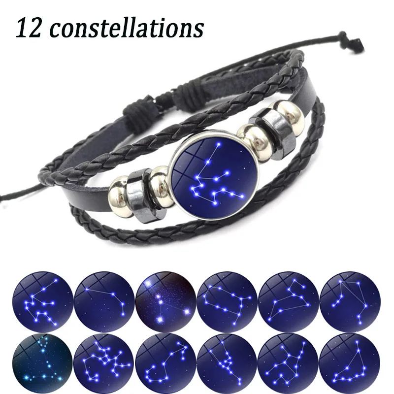 Светящиеся кожаные браслеты ручной работы с принтом зодиака 12 созв...
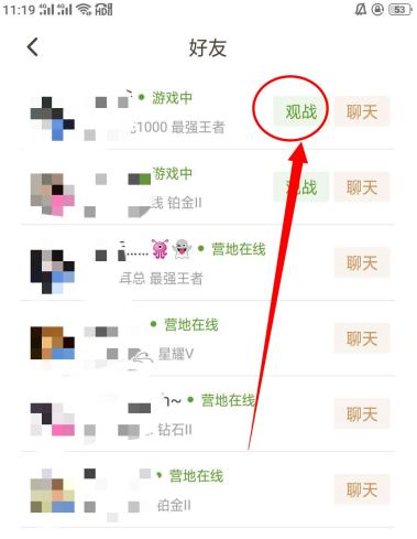 3、在好友列表中可以看到有好友正在游戏,点击观战,即可进入游戏进行观战好友的比赛。(注:会跳转到游戏中观看。)
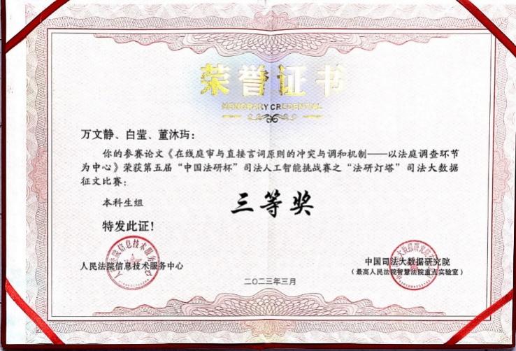 快乐堂 2020级法学专业本科生万文静、白莹和董沐玙,在吴啟铮副教授指导下所提交的论文《在线庭审与直接言词原则的冲突与调和机制——以法庭调查环节为中心》荣获三等奖。
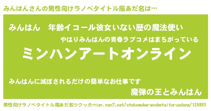 | 女子向けラノベタイトル風あだ名 | 『みんはん姫と円卓の騎士』 |
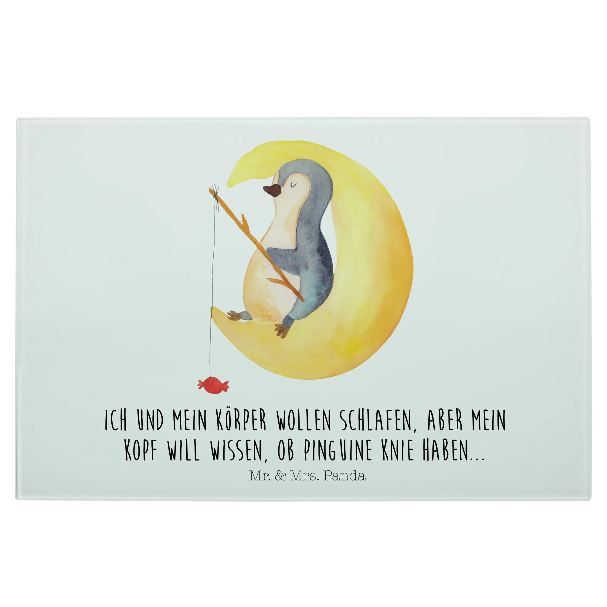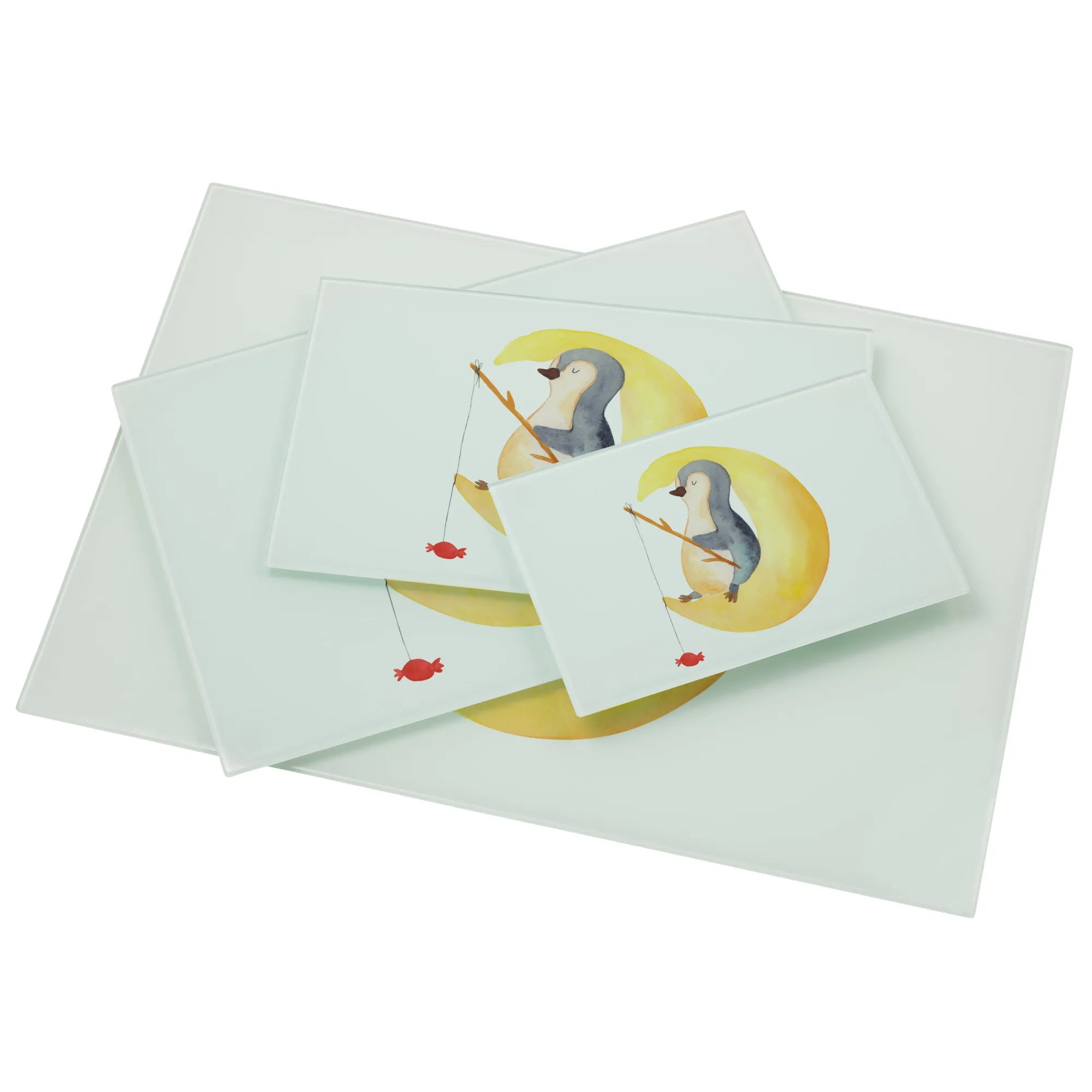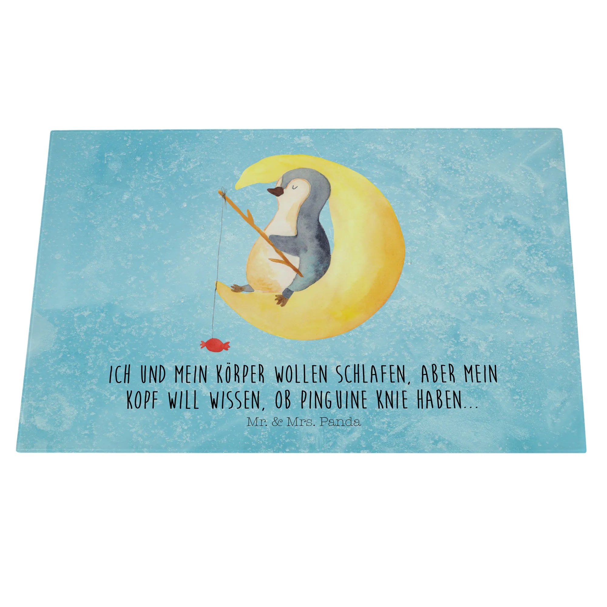 XL Szklana Deska do Krojenia pingwin księżyc - Medium Glas Schneidbrett - z napisem - biały
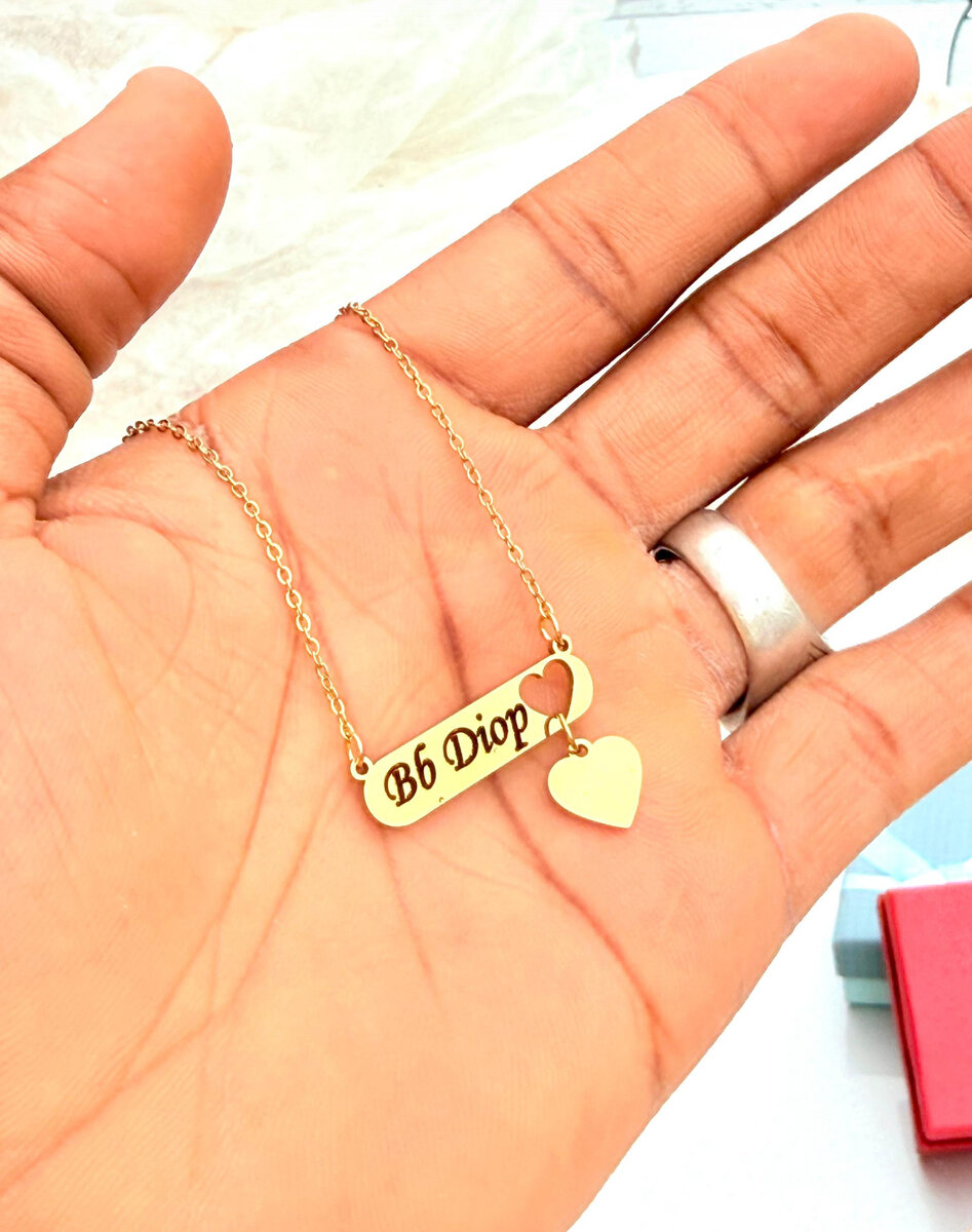 Exprimez votre amour avec ce collier pendentif cœur personnalisable. Parfait pour offrir un cadeau unique avec un nom gravé. Fabriqué avec soin, il ajoutera une touche d'élégance à toute tenue. Idéal pour anniversaires, fêtes spéciales ou juste pour dire 'je t'aime'.

····················

Task to carry out — Every record above needs to be repeated exactly; pictures are to be left out.

Solution to this task —
 Светящиеся кожаные браслеты ручной работы с принтом зодиака 12 созв...
 3、在好友列表中可以看到有好友正在游戏,点击观战,即可进入游戏进行观战好友的比赛。(注:会跳转到游戏中观看。)
 快乐堂 2020级法学专业本科生万文静、白莹和董沐玙,在吴啟铮副教授指导下所提交的论文《在线庭审与直接言词原则的冲突与调和机制——以法庭调查环节为中心》荣获三等奖。
 | 女子向けラノベタイトル風あだ名 | 『みんはん姫と円卓の騎士』 |
 XL Szklana Deska do Krojenia pingwin księżyc - Medium Glas Schneidbrett - z napisem - biały
 Exprimez votre amour avec ce collier pendentif cœur personnalisable. Parfait pour offrir un cadeau unique avec un nom gravé. Fabriqué avec soin, il ajoutera une touche d'élégance à toute tenue. Idéal pour anniversaires, fêtes spéciales ou juste pour dire 'je t'aime'.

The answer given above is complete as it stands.